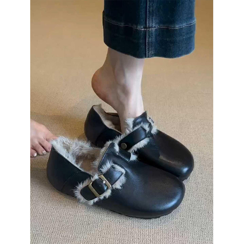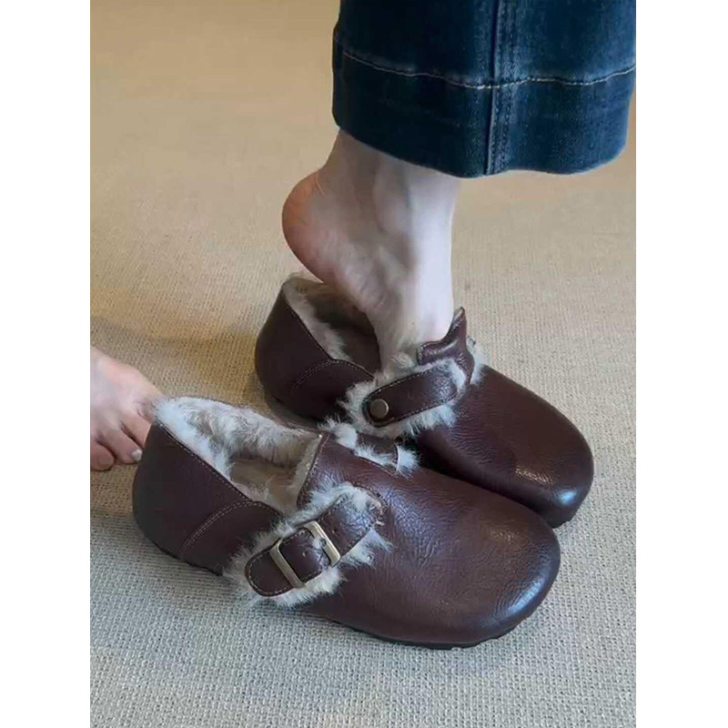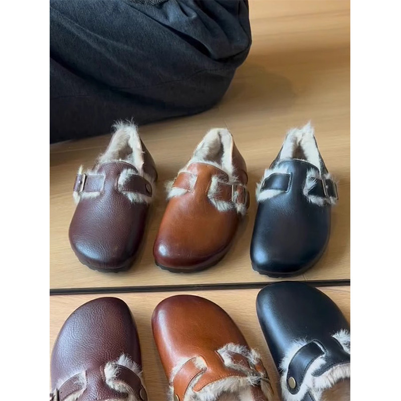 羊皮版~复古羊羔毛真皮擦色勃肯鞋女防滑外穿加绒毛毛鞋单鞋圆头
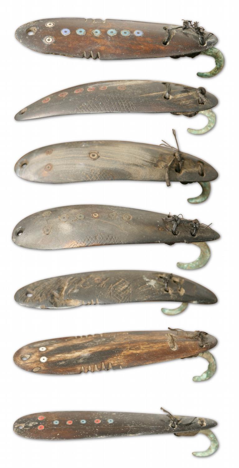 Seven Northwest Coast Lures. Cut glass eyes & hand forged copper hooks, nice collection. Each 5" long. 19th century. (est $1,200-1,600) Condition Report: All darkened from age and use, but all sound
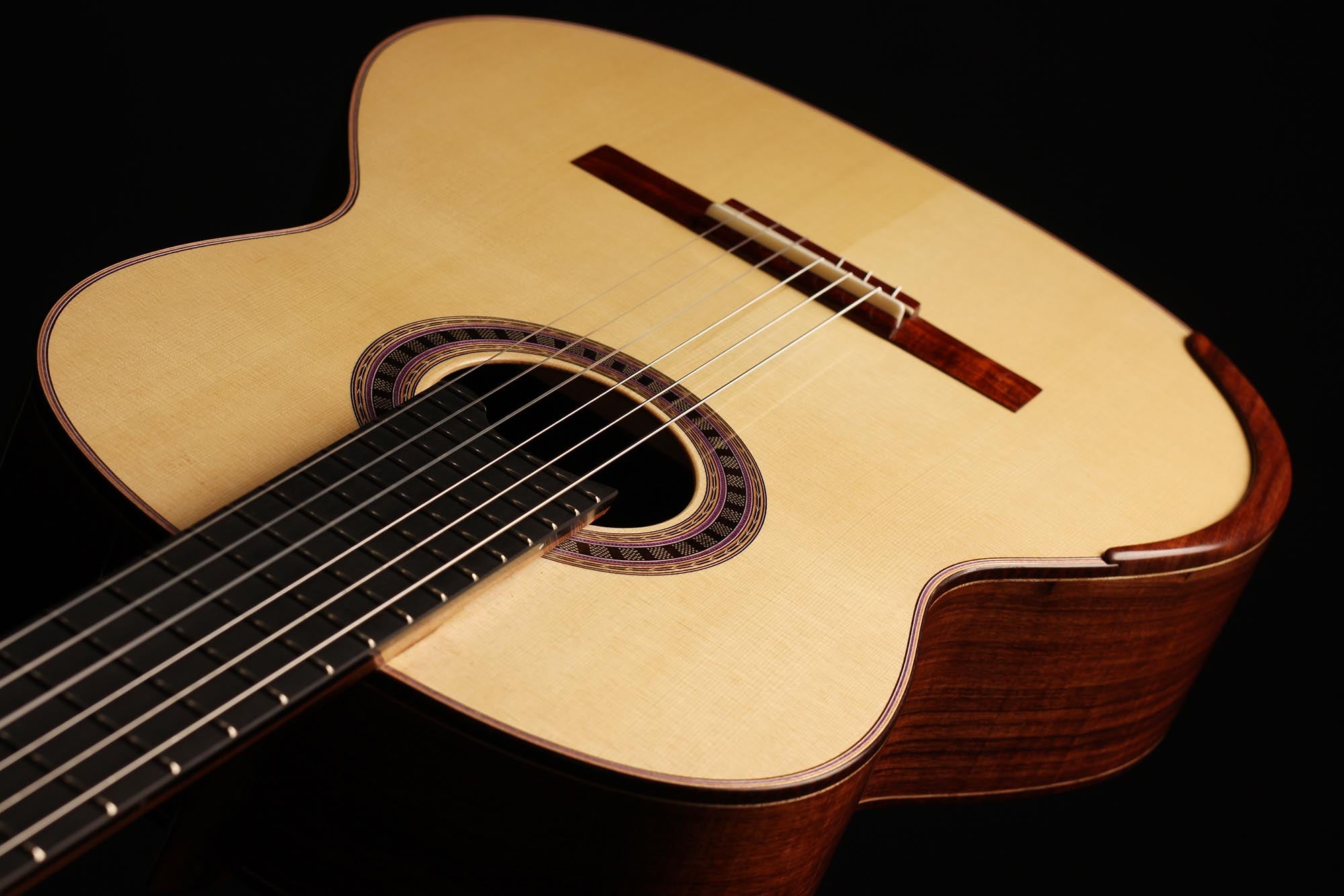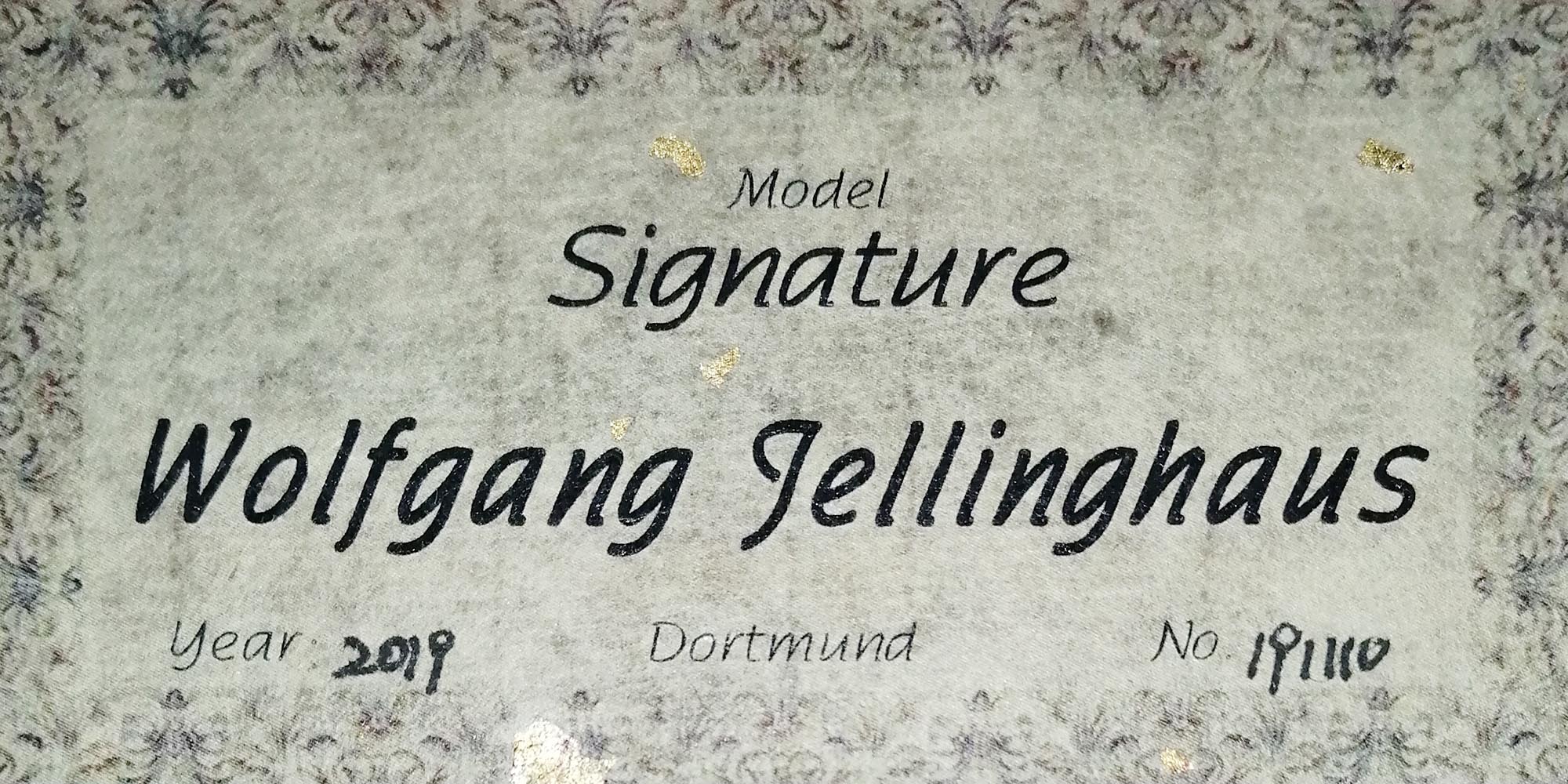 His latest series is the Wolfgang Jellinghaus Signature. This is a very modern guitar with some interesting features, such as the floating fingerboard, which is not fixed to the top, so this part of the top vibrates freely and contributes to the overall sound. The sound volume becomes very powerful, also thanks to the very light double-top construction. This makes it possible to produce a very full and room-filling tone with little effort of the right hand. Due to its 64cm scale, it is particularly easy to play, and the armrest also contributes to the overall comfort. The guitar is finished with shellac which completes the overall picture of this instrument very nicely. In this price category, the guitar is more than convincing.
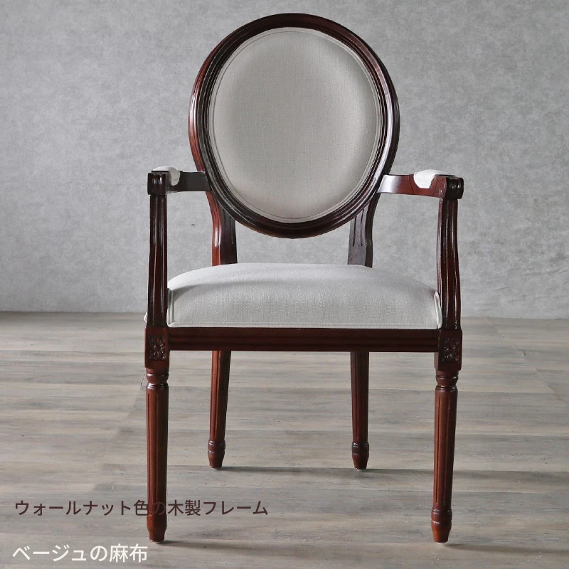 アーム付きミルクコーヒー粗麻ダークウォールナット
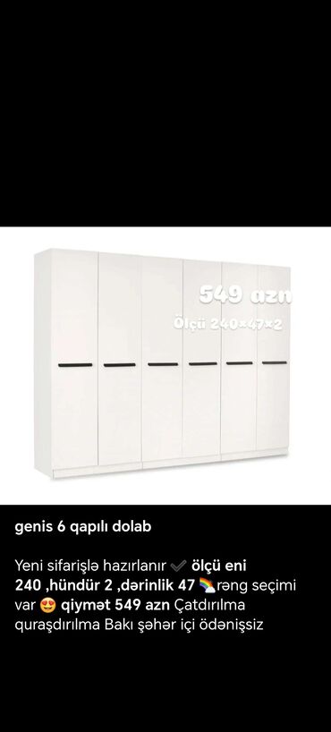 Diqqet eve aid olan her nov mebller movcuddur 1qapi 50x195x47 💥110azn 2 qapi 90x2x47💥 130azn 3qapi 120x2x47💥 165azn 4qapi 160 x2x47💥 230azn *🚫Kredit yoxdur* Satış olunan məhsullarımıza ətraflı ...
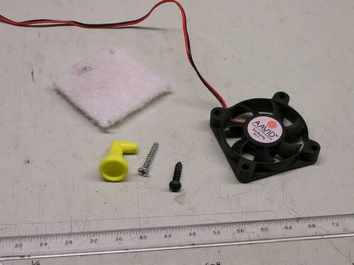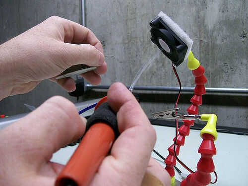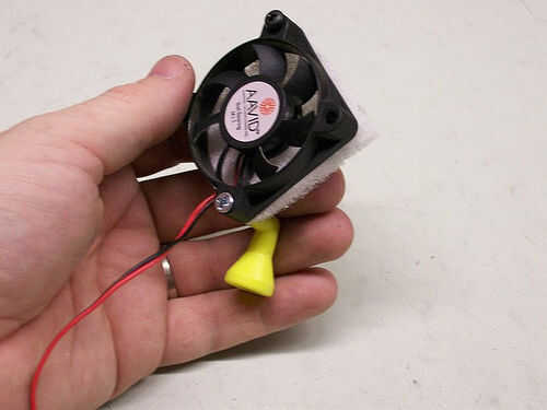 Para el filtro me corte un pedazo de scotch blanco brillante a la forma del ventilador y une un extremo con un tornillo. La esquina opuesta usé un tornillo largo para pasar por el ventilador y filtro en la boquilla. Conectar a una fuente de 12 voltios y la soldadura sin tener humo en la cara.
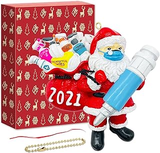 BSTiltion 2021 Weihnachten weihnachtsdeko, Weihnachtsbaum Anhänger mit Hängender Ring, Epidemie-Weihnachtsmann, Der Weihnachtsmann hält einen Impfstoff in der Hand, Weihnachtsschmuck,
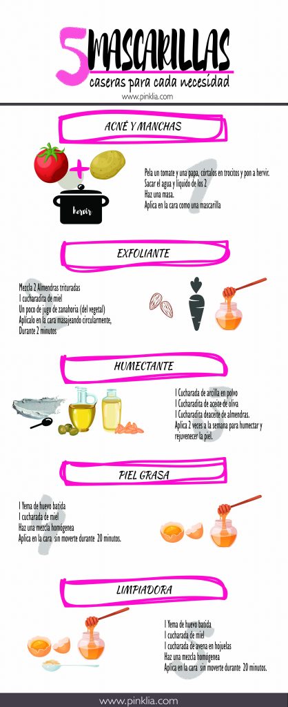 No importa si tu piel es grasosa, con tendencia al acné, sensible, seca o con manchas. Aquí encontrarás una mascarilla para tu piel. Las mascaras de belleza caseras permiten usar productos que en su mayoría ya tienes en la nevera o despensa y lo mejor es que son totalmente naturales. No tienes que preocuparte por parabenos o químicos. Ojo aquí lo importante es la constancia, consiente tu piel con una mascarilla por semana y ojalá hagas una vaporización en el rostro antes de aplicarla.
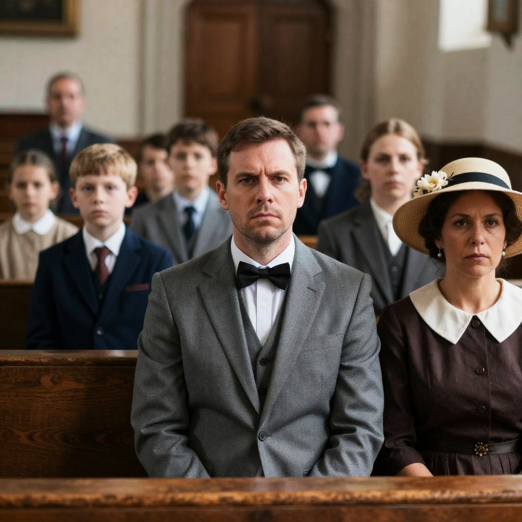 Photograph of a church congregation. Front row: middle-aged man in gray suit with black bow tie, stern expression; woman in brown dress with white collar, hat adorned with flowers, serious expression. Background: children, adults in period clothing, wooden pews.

[TO DO]: Word for word, restate the lines above from the first through the one that contains "Diqqet eve aid", and exclude all pictures.

[COMPLETED EXERCISE]:
 羊皮版~复古羊羔毛真皮擦色勃肯鞋女防滑外穿加绒毛毛鞋单鞋圆头
 Seven Northwest Coast Lures. Cut glass eyes & hand forged copper hooks, nice collection. Each 5" long. 19th century. (est $1,200-1,600) Condition Report: All darkened from age and use, but all sound
 His latest series is the Wolfgang Jellinghaus Signature. This is a very modern guitar with some interesting features, such as the floating fingerboard, which is not fixed to the top, so this part of the top vibrates freely and contributes to the overall sound. The sound volume becomes very powerful, also thanks to the very light double-top construction. This makes it possible to produce a very full and room-filling tone with little effort of the right hand. Due to its 64cm scale, it is particularly easy to play, and the armrest also contributes to the overall comfort. The guitar is finished with shellac which completes the overall picture of this instrument very nicely. In this price category, the guitar is more than convincing.
 アーム付きミルクコーヒー粗麻ダークウォールナット
 Diqqet eve aid olan her nov mebller movcuddur 1qapi 50x195x47 💥110azn 2 qapi 90x2x47💥 130azn 3qapi 120x2x47💥 165azn 4qapi 160 x2x47💥 230azn *🚫Kredit yoxdur* Satış olunan məhsullarımıza ətraflı ...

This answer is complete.